Requirement = Give only the number of lines in these records that contain the word "with".

Source data =
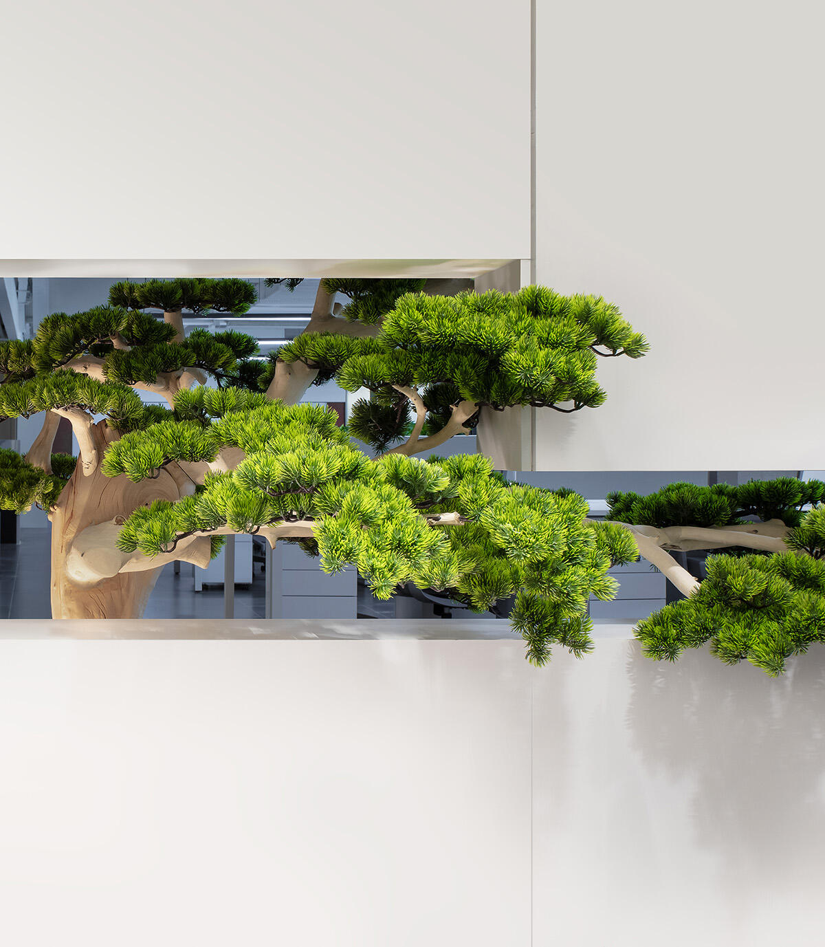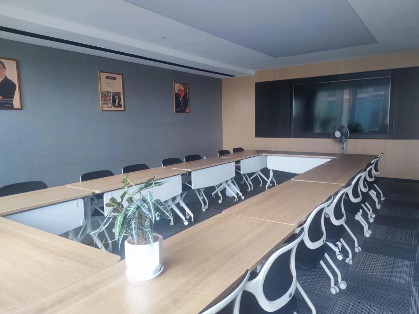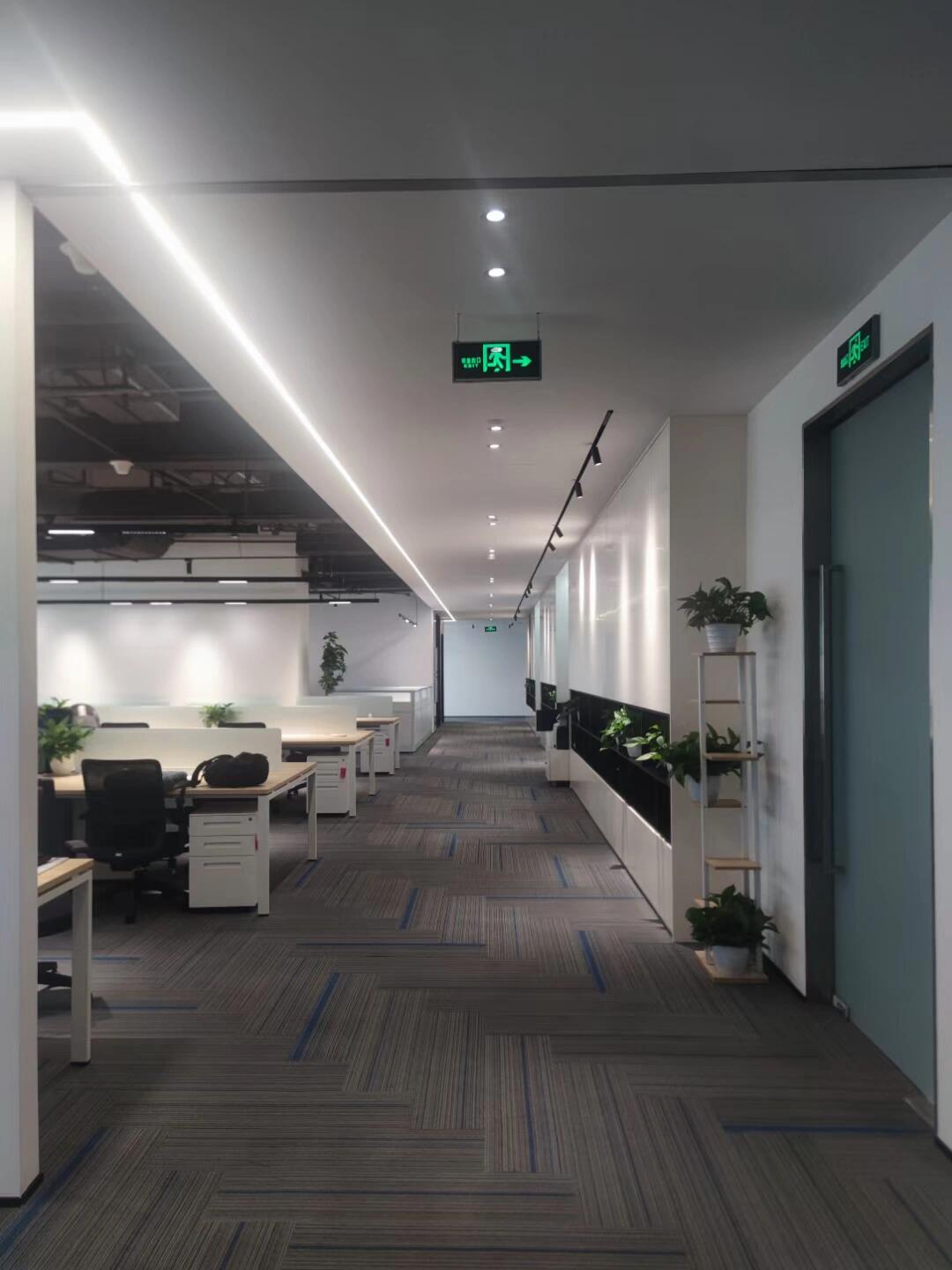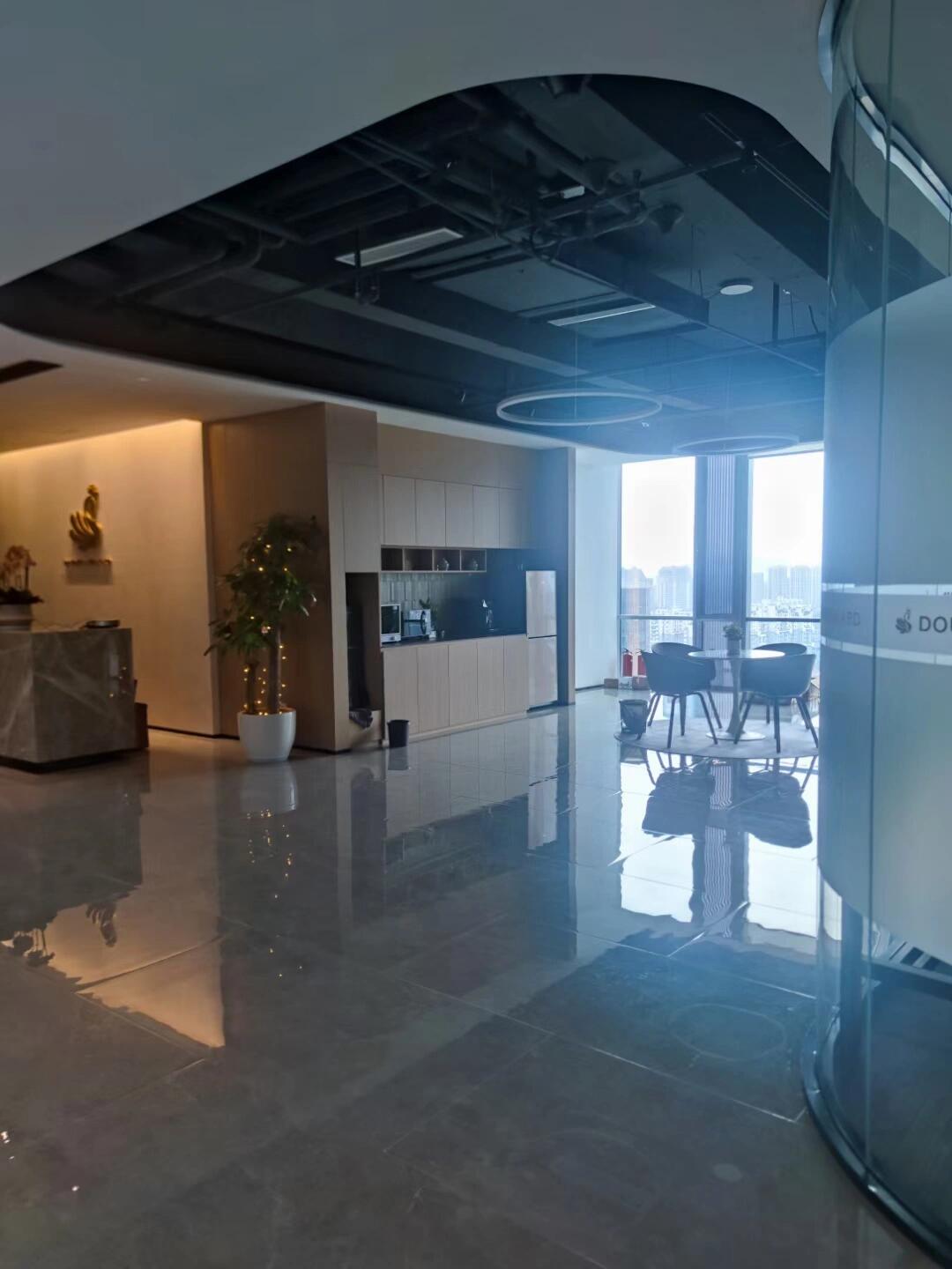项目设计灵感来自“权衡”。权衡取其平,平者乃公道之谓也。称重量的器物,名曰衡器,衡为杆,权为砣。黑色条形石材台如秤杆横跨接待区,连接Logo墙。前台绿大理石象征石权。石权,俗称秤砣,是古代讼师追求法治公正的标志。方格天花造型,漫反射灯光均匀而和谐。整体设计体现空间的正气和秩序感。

--

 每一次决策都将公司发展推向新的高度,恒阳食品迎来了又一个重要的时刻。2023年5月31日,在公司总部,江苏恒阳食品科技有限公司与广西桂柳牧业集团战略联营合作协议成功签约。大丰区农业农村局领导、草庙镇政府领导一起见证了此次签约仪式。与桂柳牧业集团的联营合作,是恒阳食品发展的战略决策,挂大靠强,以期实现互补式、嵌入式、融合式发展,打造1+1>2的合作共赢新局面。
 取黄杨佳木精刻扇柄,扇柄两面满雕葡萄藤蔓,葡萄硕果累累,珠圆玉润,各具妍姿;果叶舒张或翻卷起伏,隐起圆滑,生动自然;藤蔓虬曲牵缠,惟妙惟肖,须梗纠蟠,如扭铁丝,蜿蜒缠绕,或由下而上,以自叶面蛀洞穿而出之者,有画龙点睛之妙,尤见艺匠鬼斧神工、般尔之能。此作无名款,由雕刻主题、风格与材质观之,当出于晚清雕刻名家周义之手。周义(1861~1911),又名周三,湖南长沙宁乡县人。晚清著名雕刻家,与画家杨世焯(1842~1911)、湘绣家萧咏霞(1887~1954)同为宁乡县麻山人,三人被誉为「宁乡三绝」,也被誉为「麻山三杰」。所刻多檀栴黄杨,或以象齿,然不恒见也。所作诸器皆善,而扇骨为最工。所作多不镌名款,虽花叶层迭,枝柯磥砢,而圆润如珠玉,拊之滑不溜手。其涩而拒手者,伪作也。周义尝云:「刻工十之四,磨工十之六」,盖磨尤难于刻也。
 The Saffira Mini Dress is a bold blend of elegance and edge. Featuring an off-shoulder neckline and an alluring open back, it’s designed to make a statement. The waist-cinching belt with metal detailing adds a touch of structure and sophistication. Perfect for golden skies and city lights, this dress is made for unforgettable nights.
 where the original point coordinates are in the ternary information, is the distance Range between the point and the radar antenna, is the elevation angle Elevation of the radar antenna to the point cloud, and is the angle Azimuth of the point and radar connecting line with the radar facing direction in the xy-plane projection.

Answer for the task = 2